If you want to convert the bytes into text, you can use TextDecoder, or the newer transform stream if your target browsers support it:

const response = await fetch(url);
const reader = response.body.pipeThrough(new TextDecoderStream()).getReader();

TextDecoderStream is a transform stream that grabs all those Uint8Array chunks and converts them to strings.

Streams are great, as you can start acting on the data as it arrives.
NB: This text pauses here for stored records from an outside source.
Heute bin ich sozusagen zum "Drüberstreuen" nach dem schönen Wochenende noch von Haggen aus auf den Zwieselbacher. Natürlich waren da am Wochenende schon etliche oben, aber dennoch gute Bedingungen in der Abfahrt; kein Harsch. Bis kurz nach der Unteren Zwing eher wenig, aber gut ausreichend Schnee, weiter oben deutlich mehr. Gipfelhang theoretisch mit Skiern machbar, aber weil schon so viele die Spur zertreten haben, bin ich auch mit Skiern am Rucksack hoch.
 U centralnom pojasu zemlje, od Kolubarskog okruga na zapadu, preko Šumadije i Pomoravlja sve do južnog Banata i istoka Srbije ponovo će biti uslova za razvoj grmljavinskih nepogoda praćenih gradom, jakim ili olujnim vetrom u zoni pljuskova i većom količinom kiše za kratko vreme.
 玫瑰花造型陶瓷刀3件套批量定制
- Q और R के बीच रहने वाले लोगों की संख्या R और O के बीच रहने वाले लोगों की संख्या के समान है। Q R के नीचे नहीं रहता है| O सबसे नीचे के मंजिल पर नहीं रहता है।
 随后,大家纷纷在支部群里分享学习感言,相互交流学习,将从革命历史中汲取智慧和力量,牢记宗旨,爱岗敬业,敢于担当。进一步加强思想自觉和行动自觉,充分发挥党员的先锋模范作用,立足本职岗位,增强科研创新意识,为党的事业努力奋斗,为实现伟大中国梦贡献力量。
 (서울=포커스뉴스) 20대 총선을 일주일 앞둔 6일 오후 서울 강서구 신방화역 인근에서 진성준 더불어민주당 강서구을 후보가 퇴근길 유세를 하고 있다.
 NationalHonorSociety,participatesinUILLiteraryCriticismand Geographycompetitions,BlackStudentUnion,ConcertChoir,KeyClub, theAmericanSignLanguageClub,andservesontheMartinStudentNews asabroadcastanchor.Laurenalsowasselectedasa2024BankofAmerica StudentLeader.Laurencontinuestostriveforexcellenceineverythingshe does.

For instance, if you're receiving a list of 100 'results', you can display the first result as soon as you receive it, rather than waiting for all 100.

Anyway, that's response streams, the exciting new thing I wanted to talk about is request streams.

Streaming request bodies

Requests can have bodies:

await fetch(url, {
  method: 'POST',
  body: requestBody,
});

Previously, you needed the whole body ready to go before you could start the request, but now in Chromium 105, you can provide your own ReadableStream of data:

function wait(milliseconds) {
  return new Promise(resolve => setTimeout(resolve, milliseconds));
}

const stream = new ReadableStream({
  async start(controller) {
    await wait(1000);
    controller.enqueue('This ');
    await wait(1000);
    controller.enqueue('is ');
    await wait(1000);
    controller.enqueue('a ');
    await wait(1000);
    controller.enqueue('slow ');
    await wait(1000);
    controller.enqueue('request.');
    controller.close();
  },
}).pipeThrough(new TextEncoderStream());

fetch(url, {
  method: 'POST',
  headers: {'Content-Type': 'text/plain'},
  body: stream,
  duplex: 'half',
});

The above will send "This is a slow request" to the server, one word at a time, with a one second pause between each word.

Each chunk of a request body needs to be a Uint8Array of bytes, so I'm using pipeThrough(new TextEncoderStream()) to do the conversion for me.

Restrictions

Streaming requests are a new power for the web, so they come with a few restrictions:

Half duplex?

To allow streams to be used in a request, the duplex request option needs to be set to 'half'.

A little-known feature of HTTP (although, whether this is standard behavior depends on who you ask) is that you can start receiving the response while you're still sending the request. However, it's so little-known, that it isn't well supported by servers, and isn't supported by any browser.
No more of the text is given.